Extracted data entries
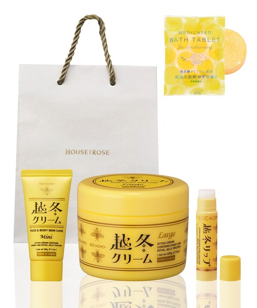 --------------------------------------------- ZOZO限定 越冬贅沢セットが再登場☆彡 --------------------------------------------- ジャータイプでたっぷり大容量の「越冬クリーム n 220g」と、持ち歩きに便利なチューブタイプの「越冬クリーム n 30g」に加え、大人気「越冬リップ」も!更に、パッケージもキュートな「森たちバトン 重炭酸タブレット ゆずの香り(1回分)」を今だけプレゼント♪「オリジナル ショッピングバッグ」付きです☆ 大切なあの人に… がんばった自分に… ほっこり嬉しい、ホリデーギフトをいかがですか☆彡 <セット内容> ■ビーハニー / 越冬クリーム n 〔全身用保湿クリーム〕220g/30g ハチミツやローヤルゼリープロテイン(加水分解ローヤルゼリータンパク)などのお肌にうるおいを与えて満たす、みつばちの恵みを詰め込んだリッチクリームです。乾燥した角層へ浸みこむシナジーモイスト成分*が乾燥・肌荒れを防ぎ、しなやかなお肌に導きます。 お顔だけでなく、乾燥の気になる部分、全身にお使いいただけます。 寒い冬を明るくしてくれる快活で透明感のあるみずみずしいハニーサックルの香りです。 ※無着色・無鉱物油 〔使い方〕適量を手にとり、乾燥の気になる部分になじませてください。 *加水分解コラーゲン・加水分解ヒアルロン酸・コメヌカスフィンゴ糖脂質(すべて保湿成分) ■ビーハニー/越冬リップ 〔リップクリーム〕4.5g ハチミツやミツロウ、ローヤルゼリー(保湿成分)などみつばちの恵みと-40℃で生きるクラウドベリーの種子油(ホロムイイチゴ種子油)(保湿成分)などの植物の恵みを詰め込み、冬の乾燥から唇を守ります。 おだやかに温かく包み込む、甘くなめらかなハニーの香りです。 ※無着色・パラベンフリー・アルコール(エタノール)フリー 〔使い方〕容器から5mm程度くり出して、唇になじませてください。 ■【医薬部外品】 森たちバトン 重炭酸タブレット ゆずの香り 〔チャーリータブレット〕 〔薬用入浴剤〕 40g(1回分) 重炭酸ナトリウム(有効成分)配合の薬用タブレット入浴剤です。 温浴効果により血行を促進。疲労回復や腰痛、肩こり、冷え症などつらい症状をやわらげます。 肌あれや湿疹を防ぎ、やさしい肌あたりです。 5つのうるおい成分(ホホバ油・コラーゲン・乳清(ホエイ)・ローヤルゼリーエキス・ヒアルロン酸)を配合し、しっとりとやわらかなお肌に整えます。 湯色はクリアライトイエローです。 ゆずの香り 〔使い方〕浴槽(150~200L)に本品を入れ、よく溶かしてご入浴ください。 ■ショッパー サイズ:約W18×H22.3×D8.5(cm)※持ち手含まず 【ハウス オブ ローゼ について】 厳選した植物由来成分を使用したお肌にやさしい自然派コスメブランドです。安全性や低刺激にこだわりながら、香りや感触、使うときの心地良さを追及したスキンケア、ボディケア等を取り揃えています。 --------------------------------------------- 【アイテムのお気に入り追加♥】 再入荷 / ラスト1点 などをお知らせします。 【ショップのお気に入り追加♥】 新商品 / 再入荷 などをお知らせします。 --------------------------------------------- 【関連ワード】 コスメショップ バス&ボディ 越冬 ビーハニー/越冬クリーム ビーハニー越冬クリーム ボディミルク クリーム オイル ボディをしっかり保湿したい 越冬クリーム 越冬クリームN 越冬シリーズ 限定商品 保湿 乾燥 かさつき
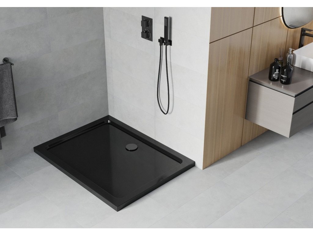 MEXEN/S - Flat sprchová vanička obdélníková slim 120 x 80, černá + černý sifon 40708012B
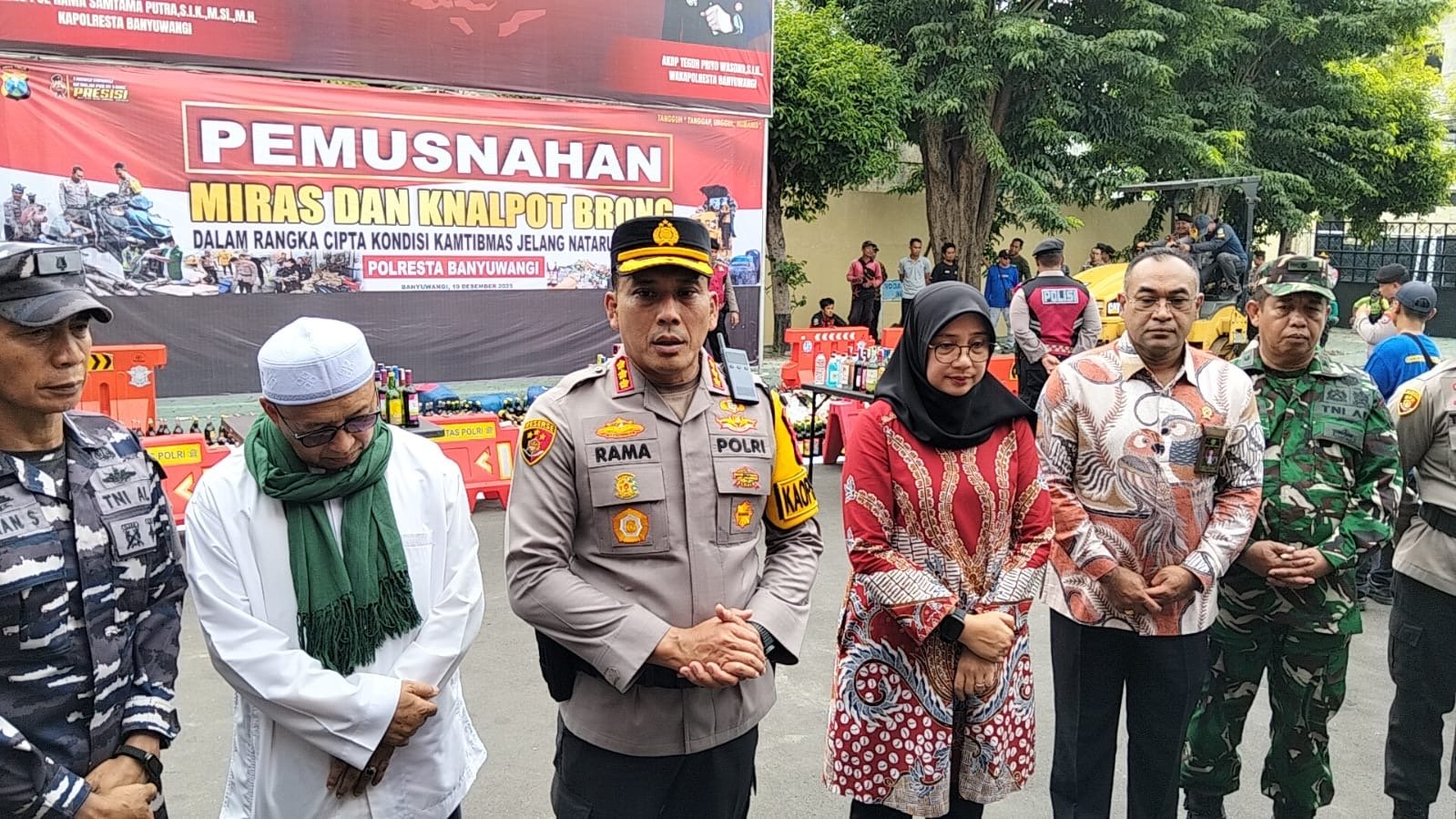 Melalui momentum tersebut, Forkopimda Banyuwangi juga mengajak seluruh elemen masyarakat untuk berperan aktif menjaga ketertiban, mematuhi peraturan, serta tidak terlibat dalam peredaran miras ilegal maupun penggunaan knalpot tidak standar.
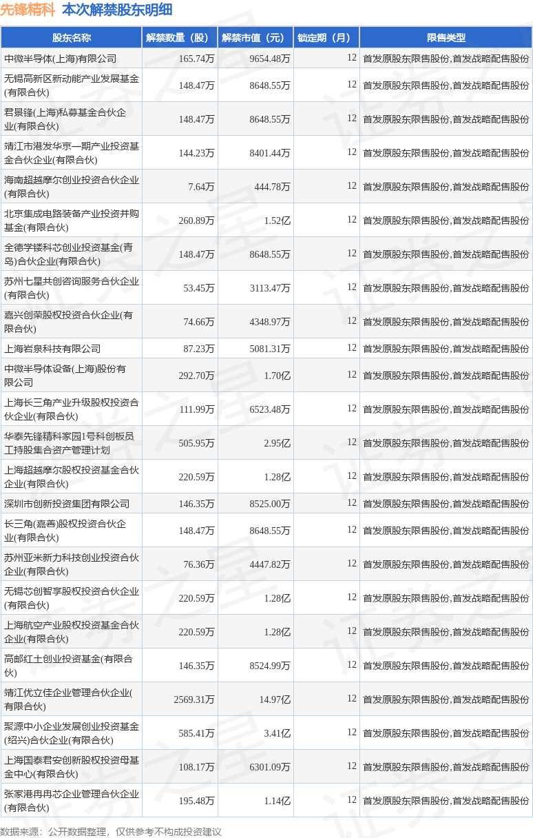证券之星消息,根据市场公开信息整理,先锋精科(688605)于12月12日将有6787.57万股限售股份解禁,为公司首发原股东限售股份,首发战略配售股份,占公司总股本33.54%。(本次数据根据历史公告整理得出,实际情况以上市公司最新公告为准)最近一年内,该股累计解禁243.09万股,占总股本的1.2%。本次解禁后,公司还有9402.81万股限售股份,占总股本46.46%。具体如下图所示:
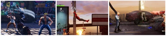 近くに武器になりそうなものがあった場合拾って使用したり、そのまま蹴り飛ばして敵にぶつけたりと様々なアクションに派生する。
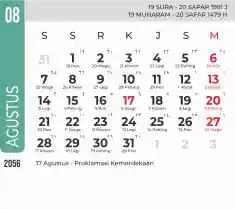 Template kalender 2056 dengan konsep minimalis modern dengan warna yang soft, cocok sekali buat kantor / bisnis seperti bank.
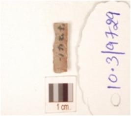 | Description / विवरण | A chert blade with triangular cross section and use-wear marks along the cutting edge. |
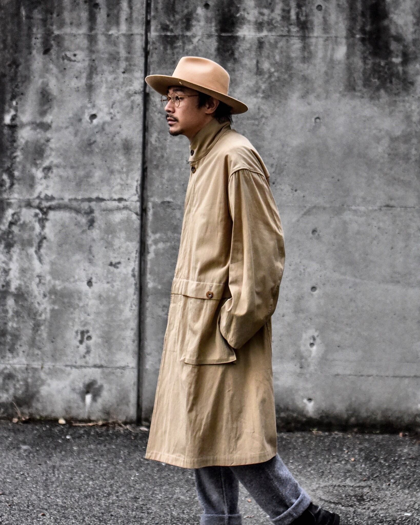 ヴィンテージライクなシャリっとしたベージュのコットン地に大きなフロントポケットと襟のデザインが特徴的な一枚
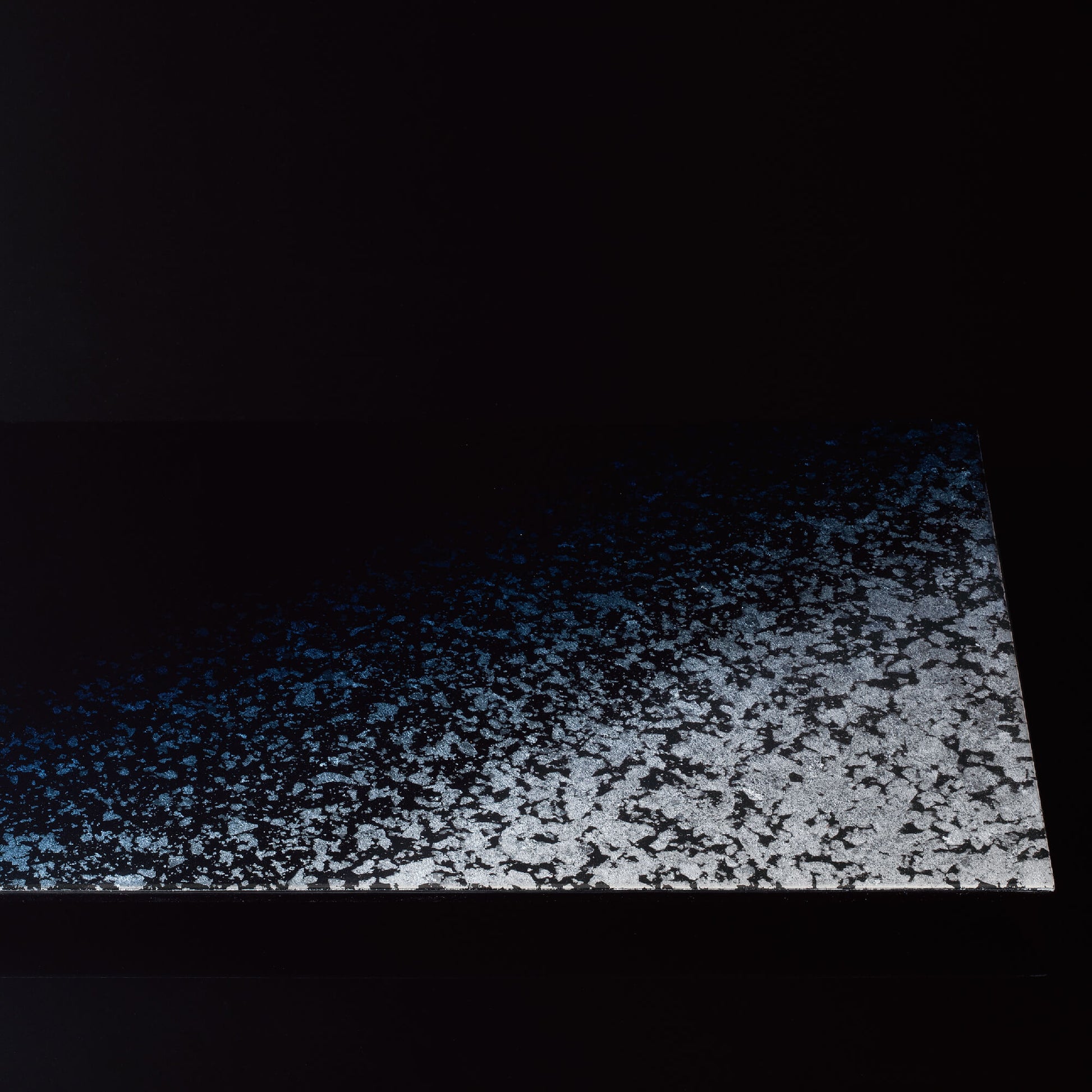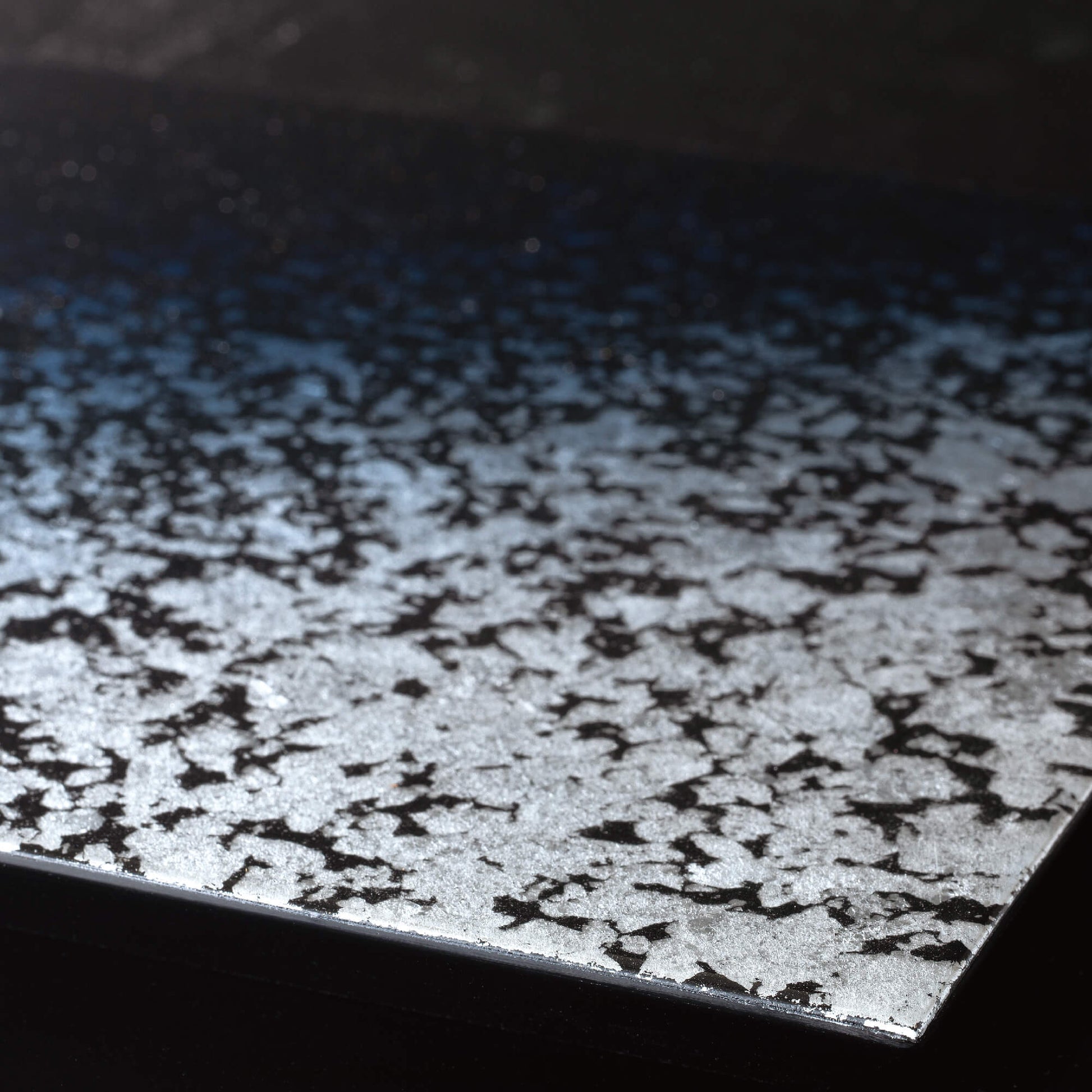 銀箔は、月のように静かで繊細な光。 この作品は、心を見つめ直し、自分と対話するための時間を象徴しています。 ひび割れが次第に静まり、透明な空間へと溶けていく様子は、 心のノイズが消え、心が穏やかになるよう願ったものです。

§ Exercise goal
From the records above, output only the lines starting at the one containing "近くに武器になりそうなものが" and ending at the one containing "Template kalender 2056", word for word. Pictures stay out.

§ Exercise solution
 近くに武器になりそうなものがあった場合拾って使用したり、そのまま蹴り飛ばして敵にぶつけたりと様々なアクションに派生する。
 Template kalender 2056 dengan konsep minimalis modern dengan warna yang soft, cocok sekali buat kantor / bisnis seperti bank.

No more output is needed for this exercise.